**TRY IT:** The answer consists only of the lines from the beginning of the listing below to the line holding "Source: ByteTree. The", inclusive, with every picture removed.

Top of DATASET SECTION

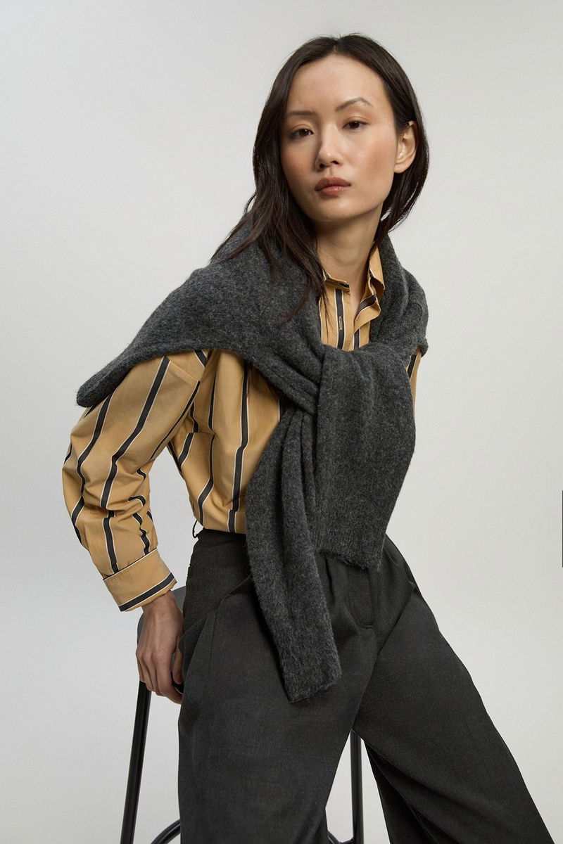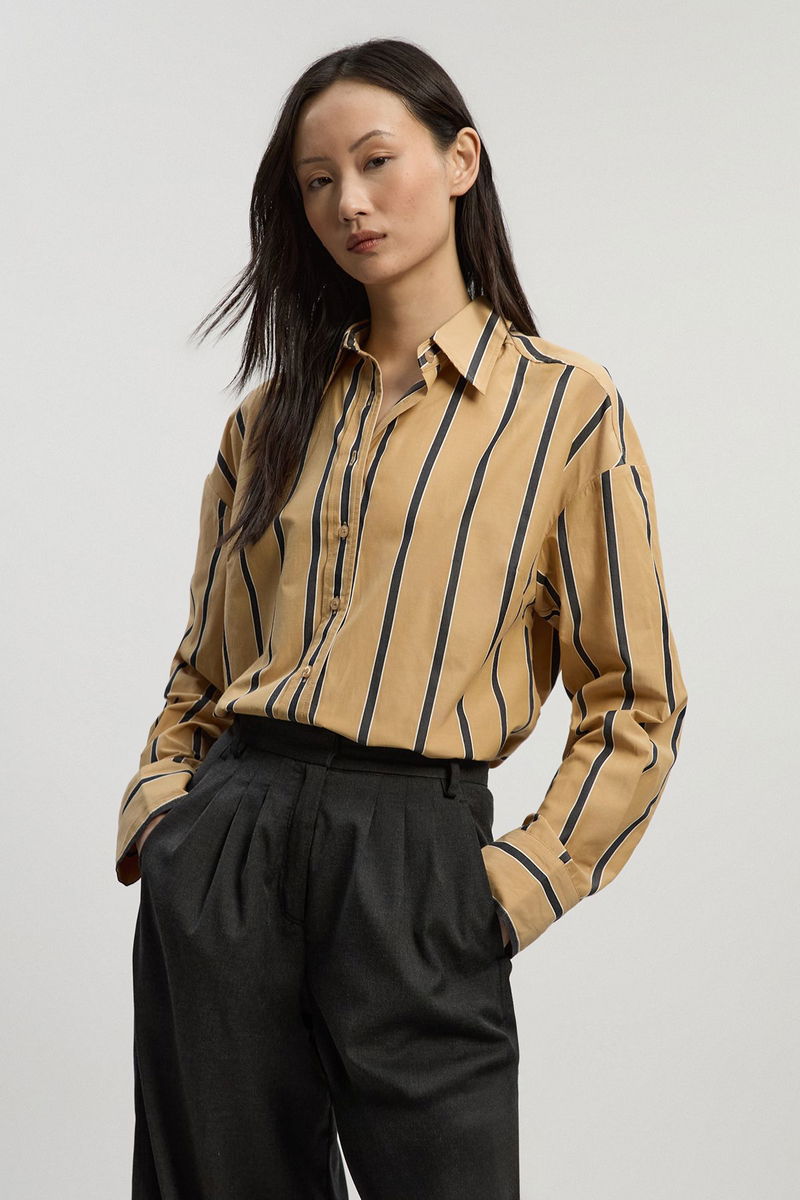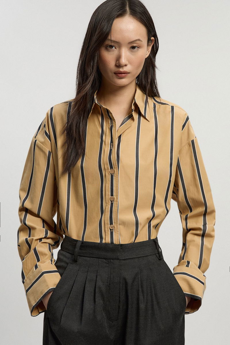 This essential striped shirt from Karen Millen combines timeless design with contemporary proportions. The oversized tailored fit offers a modern take on a wardrobe classic, creating an effortlessly chic look that works for various daytime occasions. Style tucked into high-waisted trousers with the sleeves rolled up for a polished yet relaxed office ensemble, or wear open over a simple vest with your favourite jeans for weekend brunches. The cotton fabric ensures breathability and comfort, making it ideal for family gatherings or casual meet-ups with friends. For cooler days, layer under a lightweight knit with the collar peeking through, or simply pair with tailored shorts and trainers for an elevated casual look. This versatile piece transitions seamlessly from day to evening, maintaining that perfect balance of refinement and ease that defines the Karen Millen aesthetic.
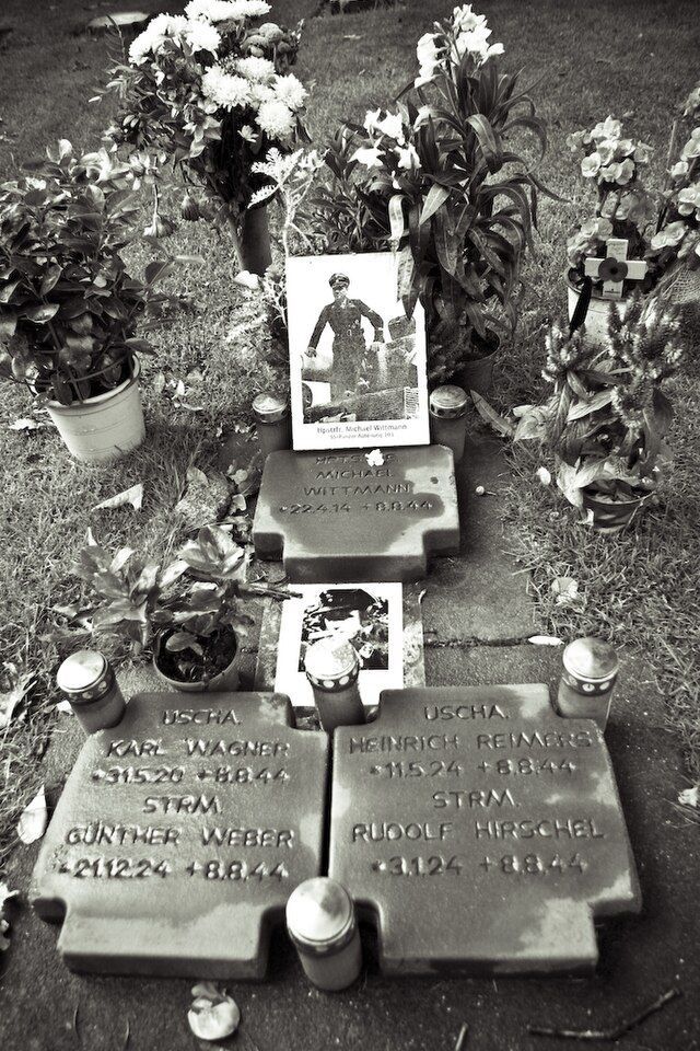 Wittmann was SS-Hauptsturmführer, tankcommandant binnen de 1e SS-Pantserdivisie Leibstandarte SS Adolf Hitler. In nazi-Duitsland werd hij verheven tot icoon na zijn actie bij Villers-Bocage op 13 juni 1944, waar hij in korte tijd een reeks Britse tanks en voertuigen uitschakelde. Propaganda maakte van hem een “legende”. De begraafplaats maakt van die legende weer een mens — begrensd door aarde.
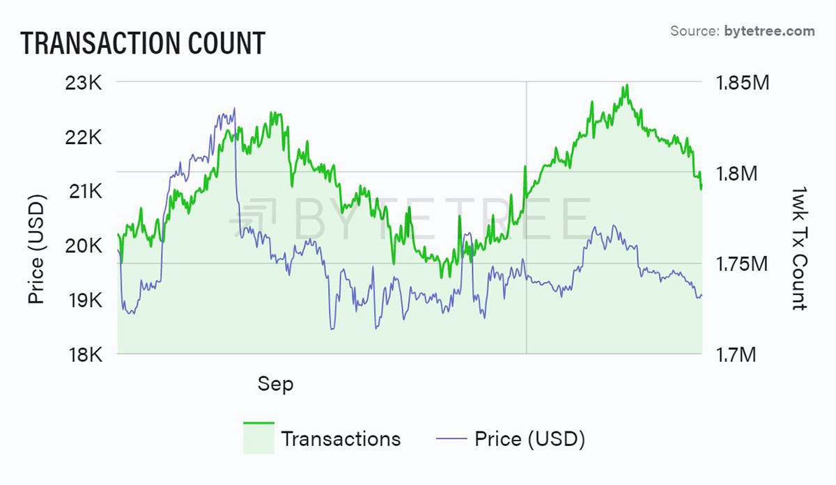 Source: ByteTree. The number of bitcoin transactions (green) and bitcoin price (blue) in USD, over the past 5 weeks.
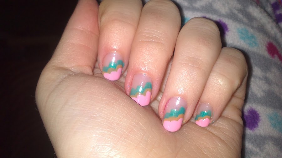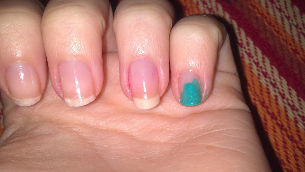 Después de usar una base vitaminada (siempre lo recomiendo para el cuidado de la uña), hacemos tres escalones de un color como en la siguiente imagen:

Bottom of DATASET SECTION

**SOLUTION BELOW:**
 This essential striped shirt from Karen Millen combines timeless design with contemporary proportions. The oversized tailored fit offers a modern take on a wardrobe classic, creating an effortlessly chic look that works for various daytime occasions. Style tucked into high-waisted trousers with the sleeves rolled up for a polished yet relaxed office ensemble, or wear open over a simple vest with your favourite jeans for weekend brunches. The cotton fabric ensures breathability and comfort, making it ideal for family gatherings or casual meet-ups with friends. For cooler days, layer under a lightweight knit with the collar peeking through, or simply pair with tailored shorts and trainers for an elevated casual look. This versatile piece transitions seamlessly from day to evening, maintaining that perfect balance of refinement and ease that defines the Karen Millen aesthetic.
 Wittmann was SS-Hauptsturmführer, tankcommandant binnen de 1e SS-Pantserdivisie Leibstandarte SS Adolf Hitler. In nazi-Duitsland werd hij verheven tot icoon na zijn actie bij Villers-Bocage op 13 juni 1944, waar hij in korte tijd een reeks Britse tanks en voertuigen uitschakelde. Propaganda maakte van hem een “legende”. De begraafplaats maakt van die legende weer een mens — begrensd door aarde.
 Source: ByteTree. The number of bitcoin transactions (green) and bitcoin price (blue) in USD, over the past 5 weeks.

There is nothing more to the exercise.